U.S. Industrial Production Unexpectedly Unchanged In January

With a nosedive by utilities output offsetting notable increases in mining and manufacturing output, the Federal Reserve released a report on Wednesday showing U.S. industrial production was unexpectedly unchanged in month of January.

The report said industrial production was unchanged in January after slumping by a revised 1.0 percent in December.

Economists had expected industrial production to climb by 0.5 percent compared to the 0.7 percent decrease originally reported for the previous month.

The Fed said utilities output plummeted by 9.9 percent in January after spiking by 5.1 percent in December, as a swing from unseasonably cool weather in December to unseasonably warm weather in January depressed the demand for heating.

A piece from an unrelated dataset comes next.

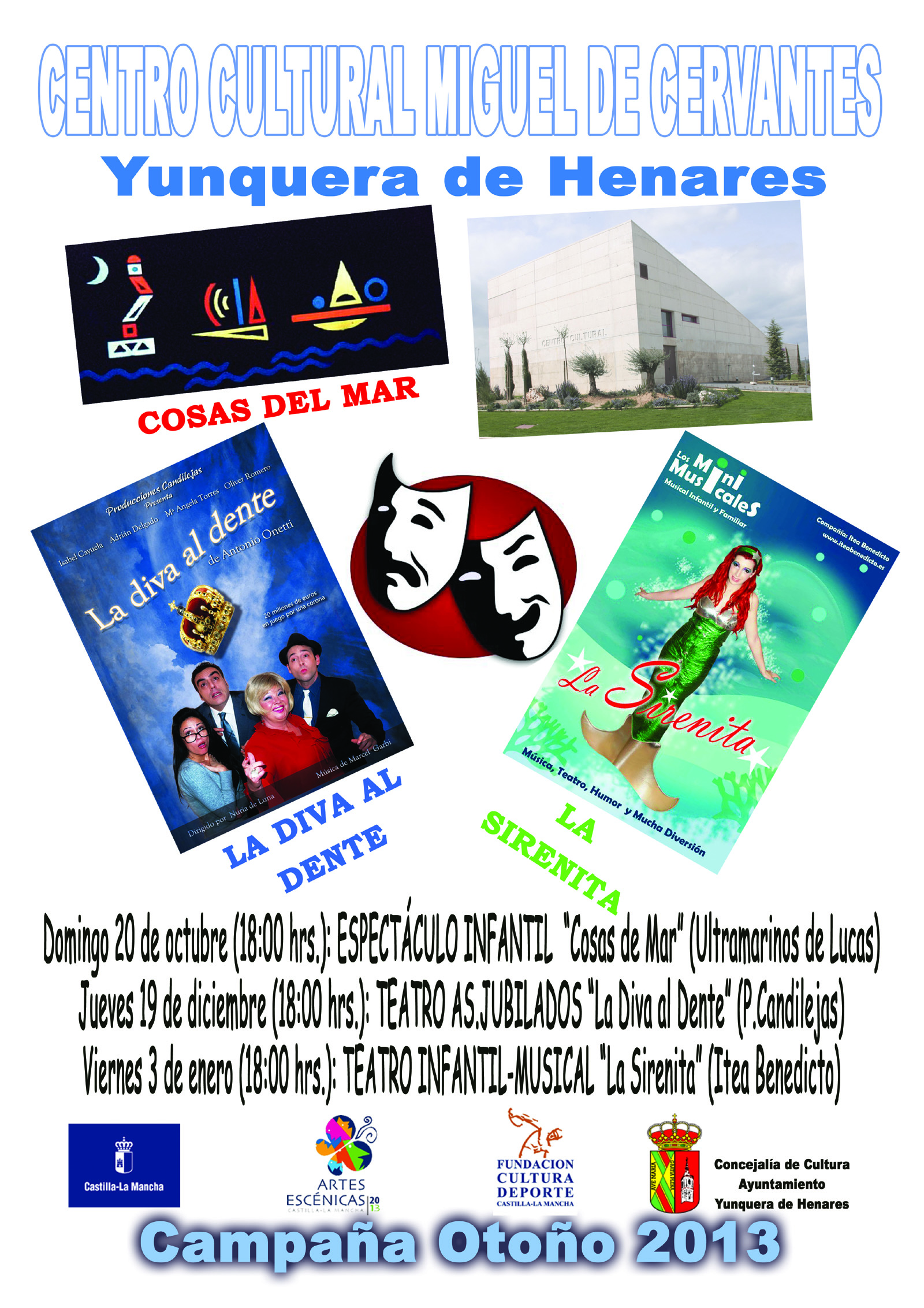 El próximo domingo, 20 de octubre a partir de las 18:00 horas en el Centro Cultural “Miguel de Cervantes” de Yunquera de Henares tendrá lugar la representación de la obra para todos los públicos “Cosas de Mar” representada por la compañía de teatro alcarreña Ultramarinos de Lucas. Dicha obra está encuadrada dentro de la programación de otoño de las Artes Escénicas de Castilla-La Mancha.COSAS DEL MAR propone un viaje imaginativo por el mar a través de formas geométricas de vivos colores, con músicas sugerentes y elementos sorpresivos no exentos de humor, donde se muestra este mundo maravilloso.

Meanwhile, the report said mining output shot up by 2.0 percent in January after slumping by 1.2 percent in December, while manufacturing output jumped by 1.0 percent after tumbling by 1.8 percent in the previous month.

“The solid 1.0% m/m rebound in manufacturing output in January provides further evidence that the economy began the year on a strong footing,” said Andrew Hunter, Senior U.S. Economist at Capital Economics.

He added, “That said, while the survey evidence also appears to be turning a corner, for now it is only consistent with a stabilization in output at a weak level rather than a sustained upturn.”

The Fed also said capacity utilization in the industrial sector edge down to 78.3 percent in January from a downwardly revised 78.4 percent in December.

Economists had expected capacity utilization to inch up to 79.0 percent from the 78.8 percent originally reported for the previous month.

Capacity utilization in the utilities sector plunged to 68.6 percent, while capacity utilization in the mining and manufacturing sectors increased to 89.0 percent and 77.7 percent, respectively.